Of those, only 136 led to corrective action or remedy, according to the data.

The 22 ZIP codes covering coronavirus hotspots accounted for roughly 10,000 social distancing complaints overall. But those all but dried up in September, when 311 logged just 133 complaints.

The city's steady retreat from social distancing complaining and enforcement coincided with its gradual reopening.

All 32,659 complaints about businesses not complying with reopening rules went to the Mayor's Office of Special Enforcement, according to 311 data.

Those complaints peaked in July with 10,861 and slightly dipped each month since, data shows.

Enforcement actions hit a crescendo that month as well, with 1,923 violations or warnings given, according to data. They fell to 1,512 the next month.

And in September? There were 528 violations or warnings handed out to non-compliant businesses, the data states.

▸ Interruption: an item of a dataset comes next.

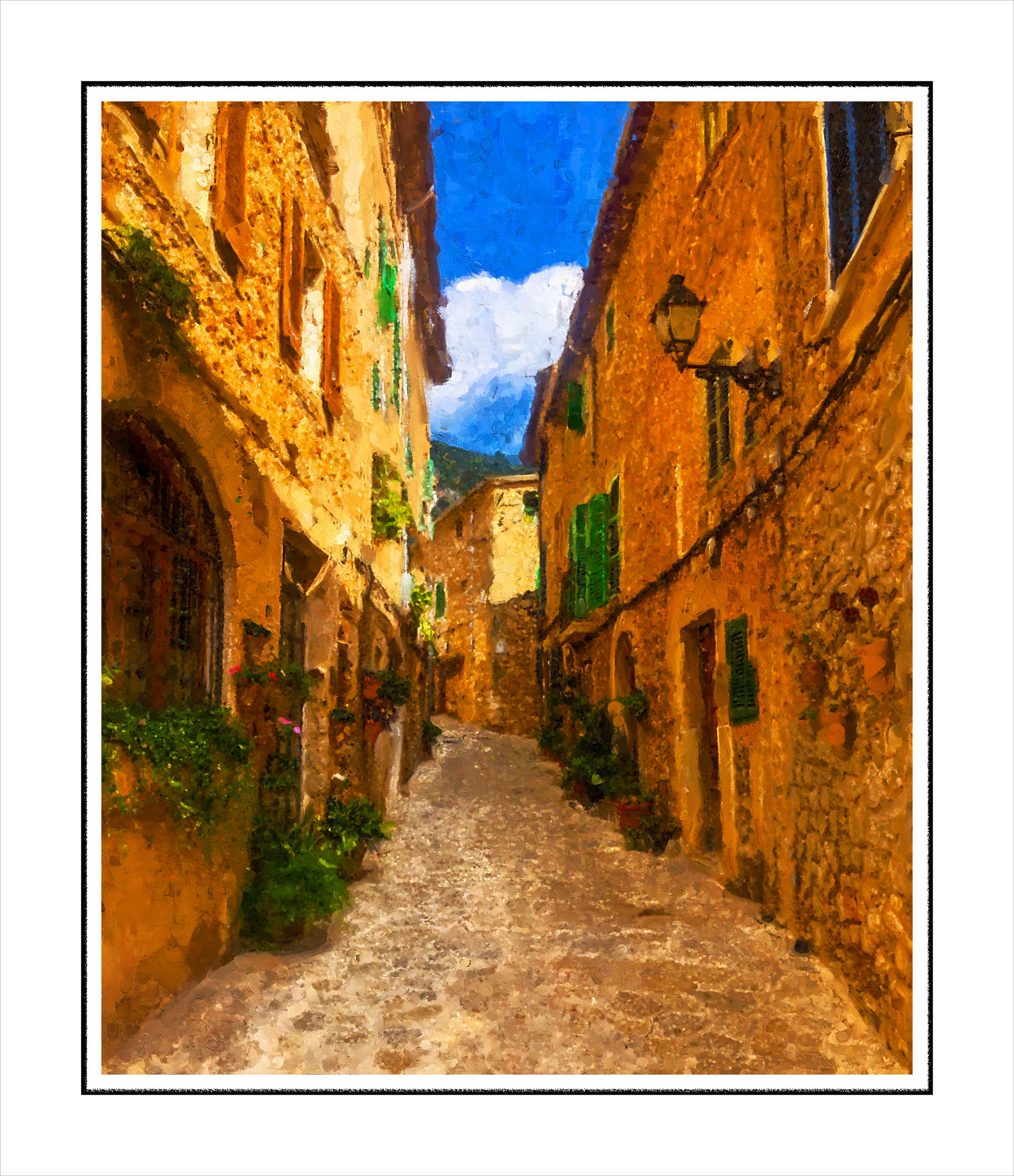 | Description: | This is an exquisite City Lane digitaly Printed and Framed – created by our artist, and completed to perfection. Printed on high end Canvas media and Framed in Fibre and Pinewood |

The city's 311 data isn't a complete picture. For one, it only documents complaints and actions from them.

It also doesn't appear to reflect enforcement actions by the state focused on bars and restaurants — an effort that generated scores of high-profile closures.

But, by and large, it appears to confirm at least part of Cuomo's assessment as to the city's hands-off approach to enforcement.

"The longer you don't follow the rule, the higher the infection rate spreads and the more obvious it becomes," Cuomo said.